Les Français vivent avec cette contradiction nationale – ils profitent de la richesse et des emplois que les entreprises transnationales ont apporté et dénoncent en même temps le système qui les a créés – parce que l'élite dirigeante et les médias les ont convaincu qu'ils sont victimes des marchés mondialisés. Les syndicalistes ont nettement plus de temps d'antenne que les hommes d'affaires. On a constamment raconté aux Français qu'ils sont innocents et victimes de banquiers imprudents qui ont prêté déraisonnablement, ou de spéculateurs sans morale, ou des agences de notations «anglo-saxonnes». M. Sarkozy a appelé à une moralisation du capitalisme pour juguler ses abus. M. Hollande a déclaré que son «principal opposant est le monde de la finance». Peu de politiciens s'attachent à souligner que la plus grande partie du problème est la dette accumulée par les gouvernements français successifs, qu'ils ont eux même accrus les décennies passées. Pourquoi ?

L'explication est pour moitié une histoire de conviction et pour moitié une question de calcul. La droite et la gauche en France n'ont jamais été en faveur du marché, sauf sous la contrainte. En dépit de l'élan libéral de circonstances, M. Sarkozy fait partie de la famille gaulliste, qui rejette fondamentalement une telle doctrine. La plupart des dirigeants socialistes actuels se sont fait les dents en travaillant pour François Mitterrand (M. Hollande a fait partie de son équipe présidentielle); le parti est toujours beaucoup plus préoccupé par la redistribution que par la création de richesses. «L'âme de la France» a déclaré M. Hollande quand il a lancé sa campagne, «est l'égalité.» Les candidats n'ont rien donné.
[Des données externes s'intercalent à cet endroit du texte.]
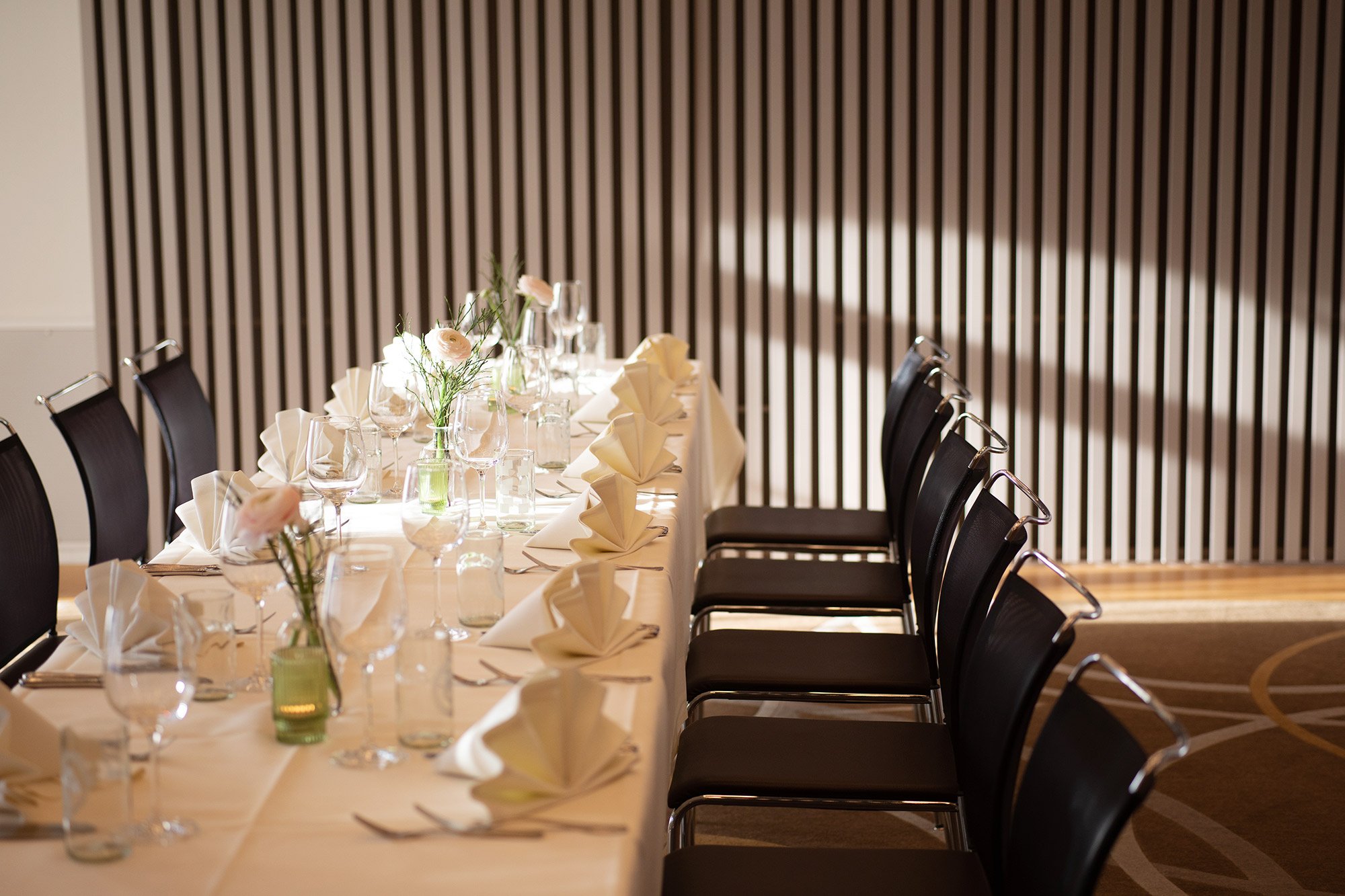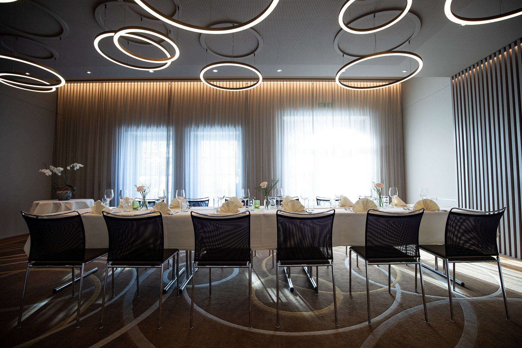 Der in zwei autonome Teile abtrennbare Saal ist optimal für grössere Feiern und Veranstaltungen wie Geschäftsessen und Feiern.

Dix ans plus tôt, le plus récent candidat de cette mouvance, Alain Madelin a obtenu à peine 3,9% des voix.

Discours dangereux

 

C'est la réalité des élections d'aujourd'hui. Plutôt que de réagir à ces attitudes et de secouer les Français pour les faire sortir de leur zone de confort, les deux favoris se plient aux attentes du peuple. A un rassemblement géant à Villepinte, au nord de Paris, M. Sarkozy a craché sur les règles du commerce au sein de l'Union Européenne, qui selon lui est à l'origine d'une concurrence «sauvage» ; il a appellé à un «Buy European Act» pour les marchés publics si les partenaires commerciaux non européens n'ouvraient pas leurs marchés, et il a menacé de retirer le pays de la zone de libre-circulation qu'est l'espace Schengen si les pays membres ne décidaient pas de renforcer le contrôle de l'immigration à l'extérieur de la zone.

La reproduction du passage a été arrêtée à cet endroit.